== Work instructions ==
Exact copies of the lines below, from the one with "The Mondrian LED" up to and including the one with "14k Yellow Gold", are what this calls for; leave out pictures.

== Provided entries ==
++++++++
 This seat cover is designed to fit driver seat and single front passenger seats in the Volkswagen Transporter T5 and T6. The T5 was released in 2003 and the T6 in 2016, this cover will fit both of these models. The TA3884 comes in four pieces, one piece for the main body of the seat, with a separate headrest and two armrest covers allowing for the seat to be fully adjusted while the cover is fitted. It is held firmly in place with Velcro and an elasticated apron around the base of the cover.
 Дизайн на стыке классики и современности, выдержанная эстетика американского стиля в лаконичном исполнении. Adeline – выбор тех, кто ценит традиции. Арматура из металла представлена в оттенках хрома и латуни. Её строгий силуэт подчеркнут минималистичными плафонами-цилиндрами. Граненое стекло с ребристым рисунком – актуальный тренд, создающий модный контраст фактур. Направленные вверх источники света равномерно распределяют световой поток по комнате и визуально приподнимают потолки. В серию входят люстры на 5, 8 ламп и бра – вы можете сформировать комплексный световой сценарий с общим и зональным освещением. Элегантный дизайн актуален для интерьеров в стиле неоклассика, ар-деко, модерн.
++++++++
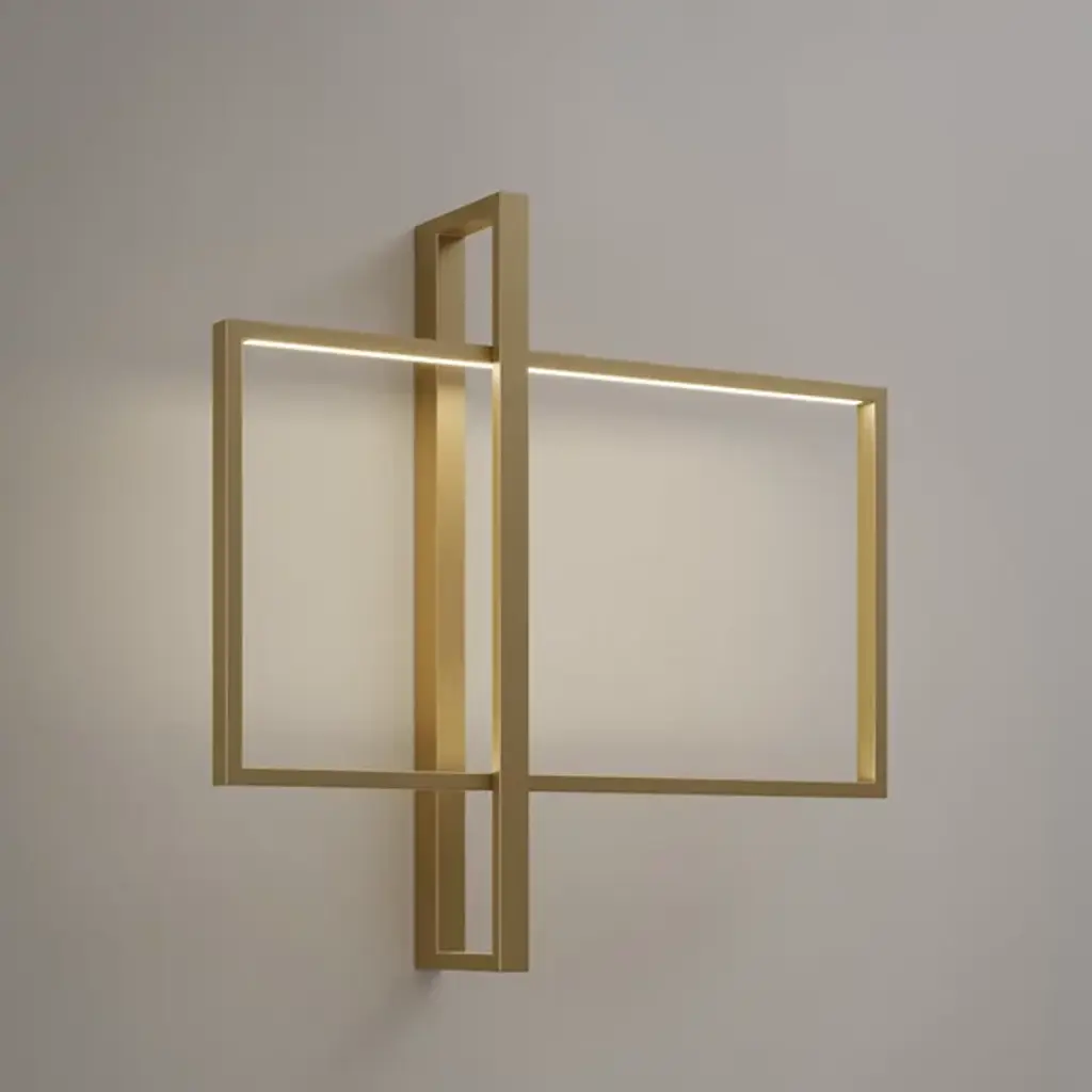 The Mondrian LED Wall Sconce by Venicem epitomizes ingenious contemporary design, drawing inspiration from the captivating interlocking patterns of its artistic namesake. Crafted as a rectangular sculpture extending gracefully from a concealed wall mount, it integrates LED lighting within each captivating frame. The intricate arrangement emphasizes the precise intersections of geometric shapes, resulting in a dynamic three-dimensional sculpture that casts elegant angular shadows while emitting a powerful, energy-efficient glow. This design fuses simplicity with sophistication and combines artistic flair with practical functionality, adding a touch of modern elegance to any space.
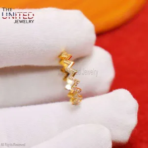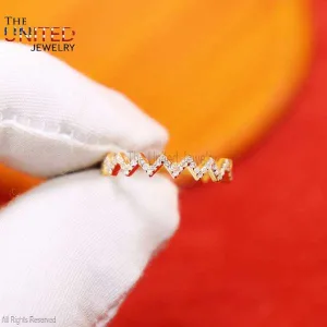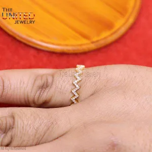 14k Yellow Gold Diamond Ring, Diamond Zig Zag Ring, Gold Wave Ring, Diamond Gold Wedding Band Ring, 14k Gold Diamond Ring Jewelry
++++++++
== Result ==
 The Mondrian LED Wall Sconce by Venicem epitomizes ingenious contemporary design, drawing inspiration from the captivating interlocking patterns of its artistic namesake. Crafted as a rectangular sculpture extending gracefully from a concealed wall mount, it integrates LED lighting within each captivating frame. The intricate arrangement emphasizes the precise intersections of geometric shapes, resulting in a dynamic three-dimensional sculpture that casts elegant angular shadows while emitting a powerful, energy-efficient glow. This design fuses simplicity with sophistication and combines artistic flair with practical functionality, adding a touch of modern elegance to any space.
 14k Yellow Gold Diamond Ring, Diamond Zig Zag Ring, Gold Wave Ring, Diamond Gold Wedding Band Ring, 14k Gold Diamond Ring Jewelry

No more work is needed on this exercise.